Publié le par Jérôme LJ

 

Jacques Donzelot nous propose dans cet article un discours de la méthode appliqué à l’action urbaine, revisitant notamment deux  politiques actuellement au devant de la scène : la mixité sociale et la rénovation urbaine. Le sociologue en construit une critique décapante. Le propos est rafraîchissant dans l’atmosphère consensuelle qui règne autour de ces deux politiques. Il n’est pas non plus dénué de bon sens…
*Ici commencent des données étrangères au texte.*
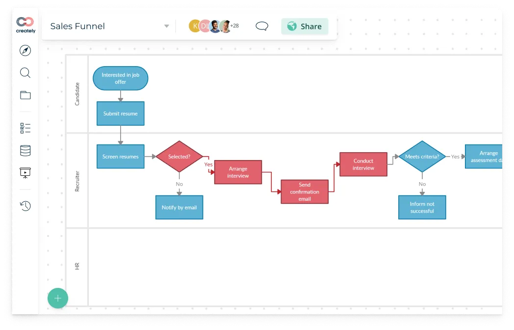 Как и в предыдущем случае, при работе с Creately не составит труда создать крутую блок-схему, а начать можно с одного из множества шаблонов. Также есть совместная работа и возможности для общения внутри сервиса. Есть интеграция со Slack, OneDrive, Google Диском, Confluence и Zapier.
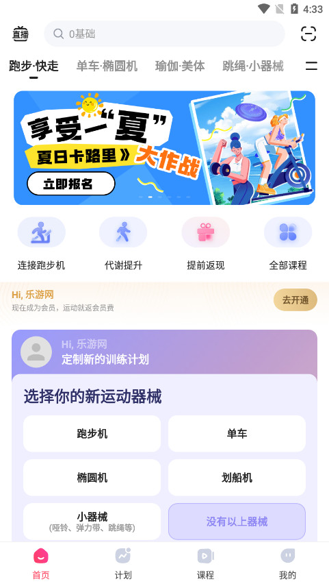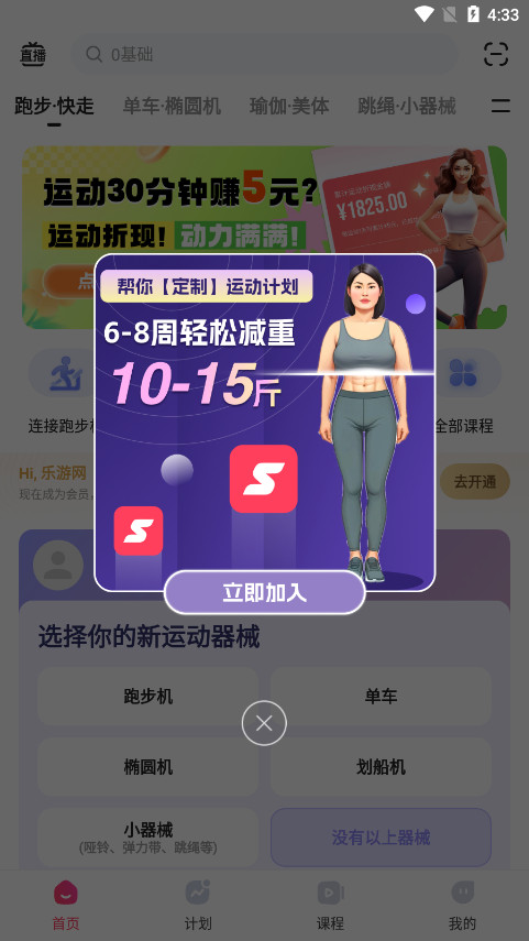【跑步课程】在跑步机上观看并参与教练带来的直播课程。

  Une mixité dans un seul sens

 

Un constat s’impose : la mixité sociale se réalise beaucoup mieux lorsqu’il s’agit d’introduire des classes moyennes là où il y a trop de classes populaires. La référence à la mixité sert alors plutôt à justifier la récupération du foncier au profit des classes moyennes, c’est d’ailleurs le processus en cours dans l’Est parisien. Dans l’autre sens, la mixité se fait plus discrète, les communes ayant moins de 5% de logements sociaux sur leur territoire préférant payer l’amende prévue par la loi Solidarité et Renouvellement Urbain (SRU) que d’engager des efforts importants pour arriver à l’objectif de 20%. Le discours sur la mixité ne répond pas au problème dont il tire pourtant sa légitimité, à savoir les concentrations de pauvreté qui s’enclosent toujours davantage par l’impossibilité des habitants d’accéder aux logements privés.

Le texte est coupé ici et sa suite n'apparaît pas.